> _EXERCISE OBJECTIVE_:
Beginning with the line containing "Departamento recién remodelado" and ending with the line containing "Parallel zur Fußgängerachse", write out each line of the records below exactly; pictures and lines outside that range are left out.

> _Records from a data collection_:
====================

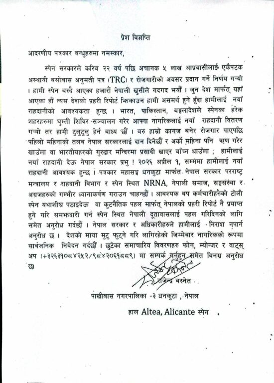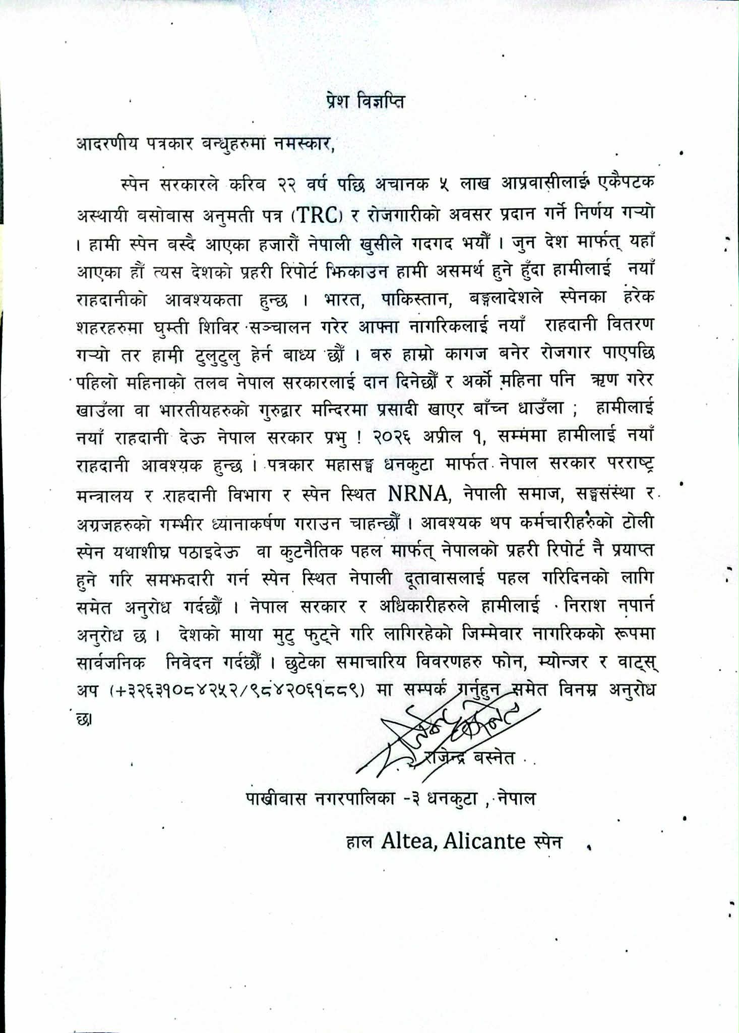 स्पेनमा रहेका नेपाली आप्रवासीहरूले २०२६ अप्रिल १ भित्र नयाँ राहदानी आवश्यक पर्ने उल्लेख गर्दै विज्ञप्ती मार्फत नेपाल सरकार, परराष्ट्र मन्त्रालय, राहदानी विभाग, स्पेनस्थित, नेपाली समाज, संघसंस्था तथा अग्रजहरूको गम्भीर ध्यानाकर्षण गराएका छन्।
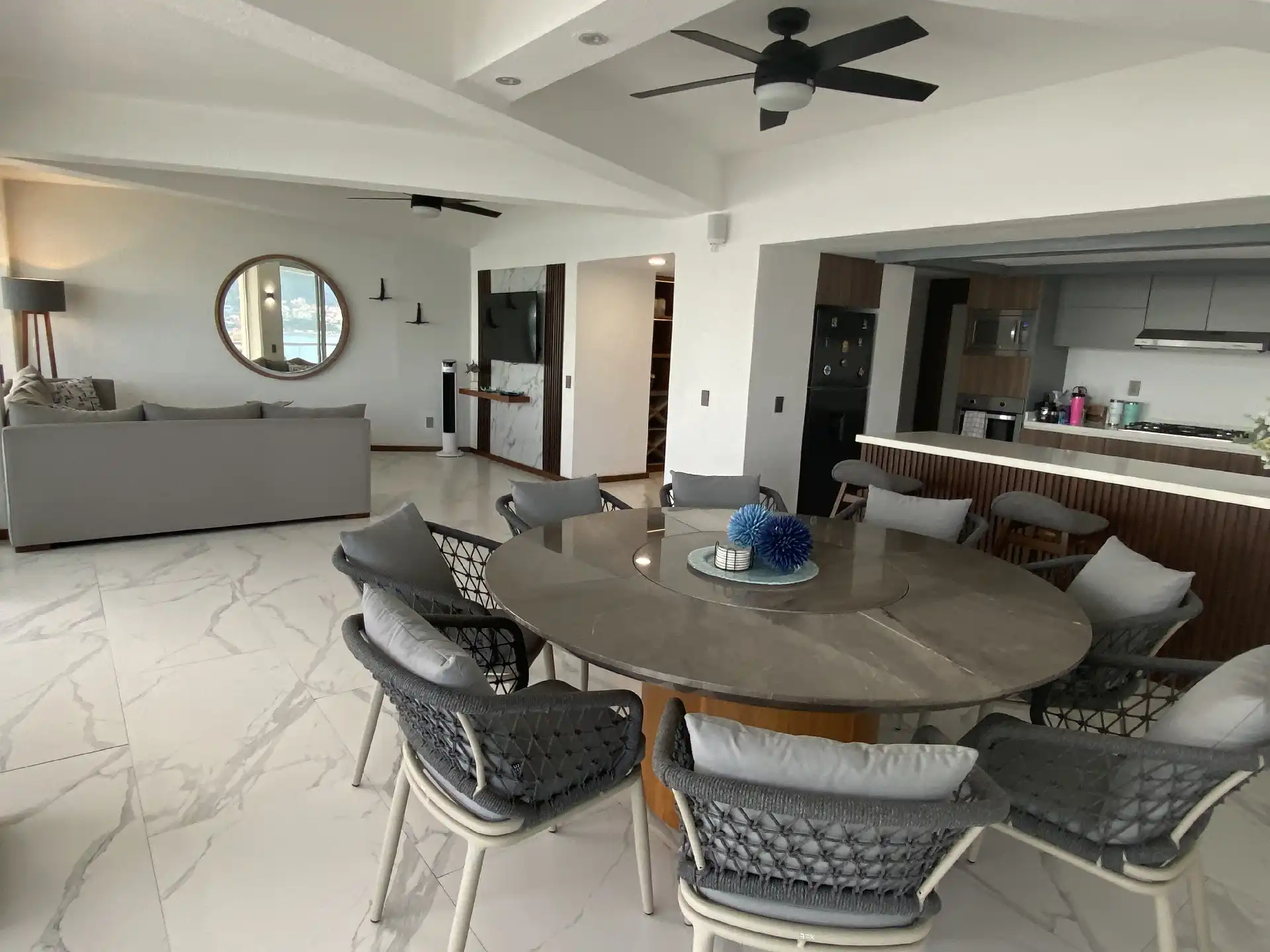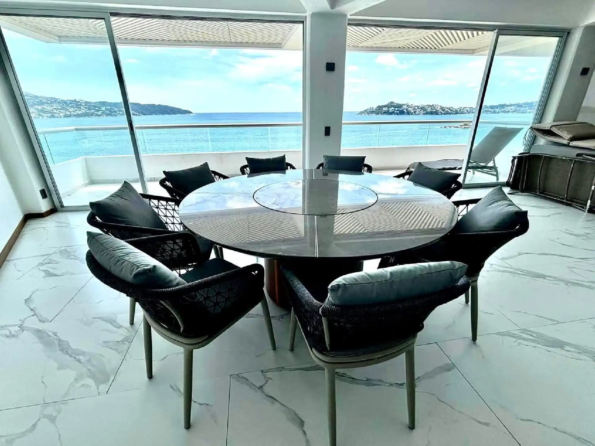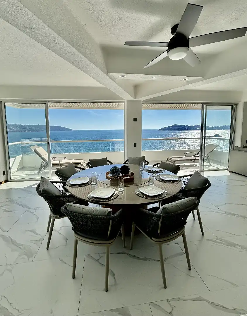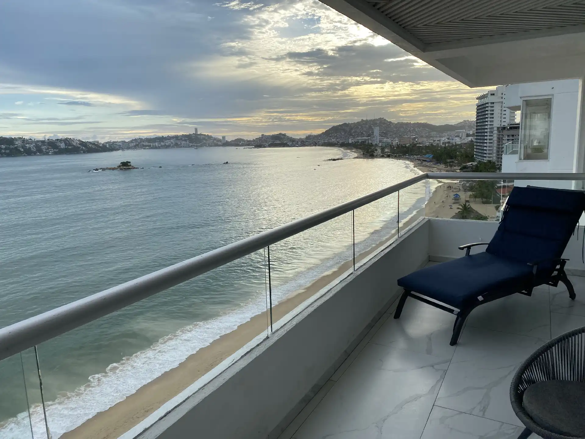 Departamento recién remodelado y amueblado listo para disfrutarse con excelente vista a la bahía !! torre de solo 12 Deptos uno x piso este esta en el piso 11 , tiene 200 m2 con 3 rec , principal king size con vestidor y baño , 2a rec 2 camas queen y la 3a una cama matrimonial y una individual y comparten baño completo estás 2 ,cantina, sala comedor con medio baño,cocina integral, tiene cto de lavado y baño completo en área de lavado Esta en medio de la bahía con salida directo a la playa
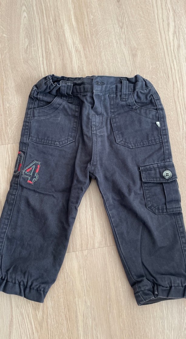 Erkek çocuklar için düğmeli, cepli, bol kesim koyu gri denim pantolon. Rahat ve sokak stili için uygun.
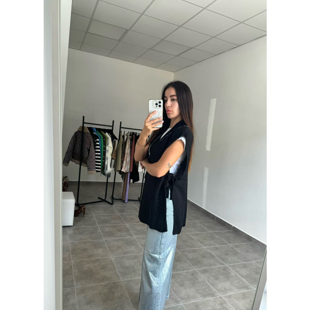 Čierna pletená vesta má štýlové viazanie na bokoch. Je pohodlná a univerzálna na každodenné nosenie. Skvele sa kombinuje s rôznymi outfitmi.
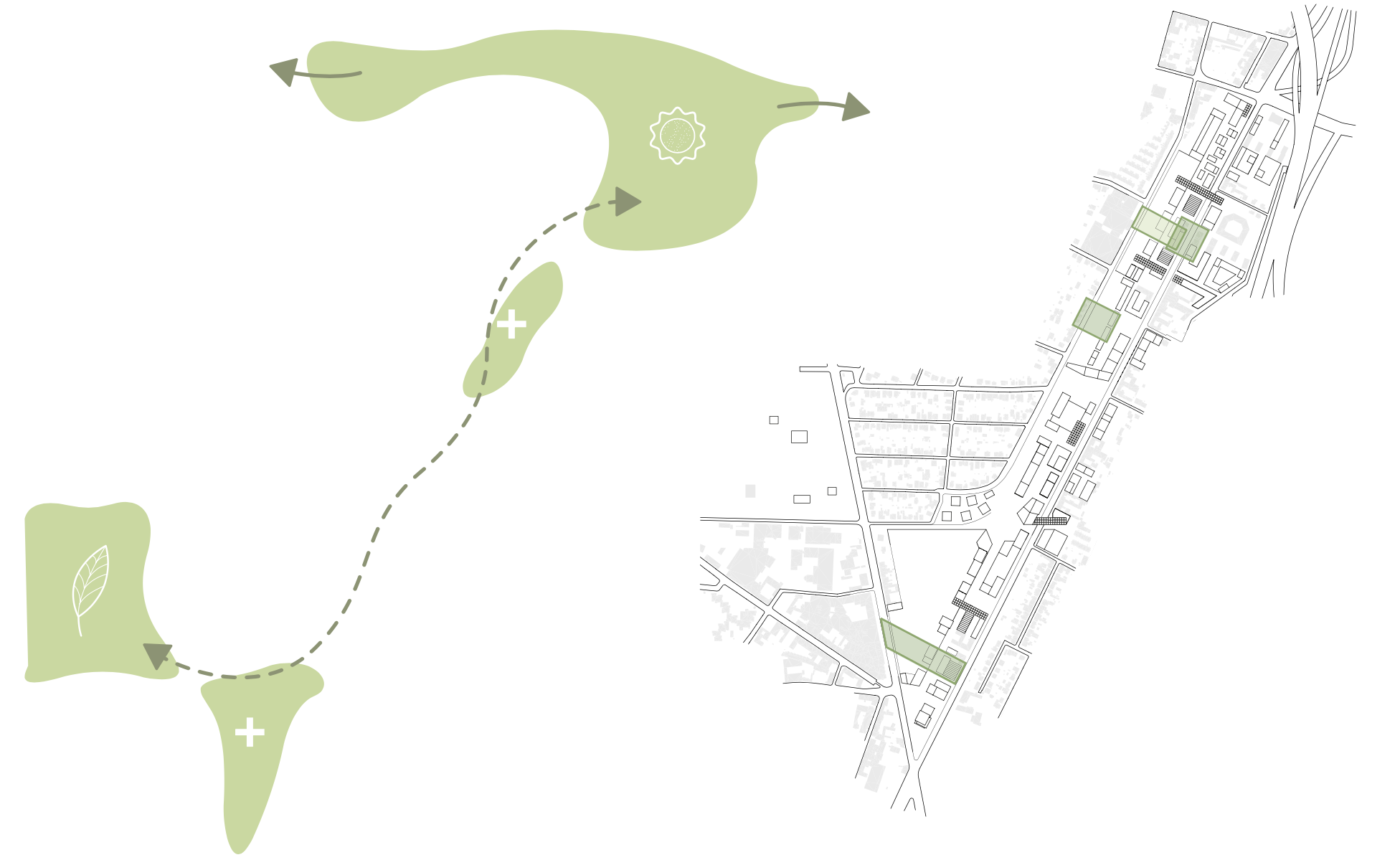 Parallel zur Fußgängerachse verläuft eine „Grüne Achse“, welche eine Verbindung zu bestehenden Grünflächen wie die des Liesingbachs schafft. Angelegt an diese Verbindung entstehen zwei größere Parks, welche neben den großen landwirtschaftlichen Flächen im Osten des Projektgebietes, ebenfalls kleinere, urbane Gärten erlauben. Die Anordnung der Grünflächen fungiert dabei auch als Pufferzone zwischen dem ruhigen Siedlungsgebiet und dem belebten Stadtraum.
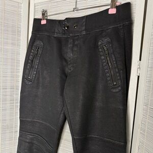 ✨ Polo Ralph Lauren wax sweat joggers. Material is coated in a wax like substance. Zipper fly. Zipper pockets. Cotton blend. Good used condition.

====================

> _WRITTEN RESPONSE_:
 Departamento recién remodelado y amueblado listo para disfrutarse con excelente vista a la bahía !! torre de solo 12 Deptos uno x piso este esta en el piso 11 , tiene 200 m2 con 3 rec , principal king size con vestidor y baño , 2a rec 2 camas queen y la 3a una cama matrimonial y una individual y comparten baño completo estás 2 ,cantina, sala comedor con medio baño,cocina integral, tiene cto de lavado y baño completo en área de lavado Esta en medio de la bahía con salida directo a la playa
 Erkek çocuklar için düğmeli, cepli, bol kesim koyu gri denim pantolon. Rahat ve sokak stili için uygun.
 Čierna pletená vesta má štýlové viazanie na bokoch. Je pohodlná a univerzálna na každodenné nosenie. Skvele sa kombinuje s rôznymi outfitmi.
 Parallel zur Fußgängerachse verläuft eine „Grüne Achse“, welche eine Verbindung zu bestehenden Grünflächen wie die des Liesingbachs schafft. Angelegt an diese Verbindung entstehen zwei größere Parks, welche neben den großen landwirtschaftlichen Flächen im Osten des Projektgebietes, ebenfalls kleinere, urbane Gärten erlauben. Die Anordnung der Grünflächen fungiert dabei auch als Pufferzone zwischen dem ruhigen Siedlungsgebiet und dem belebten Stadtraum.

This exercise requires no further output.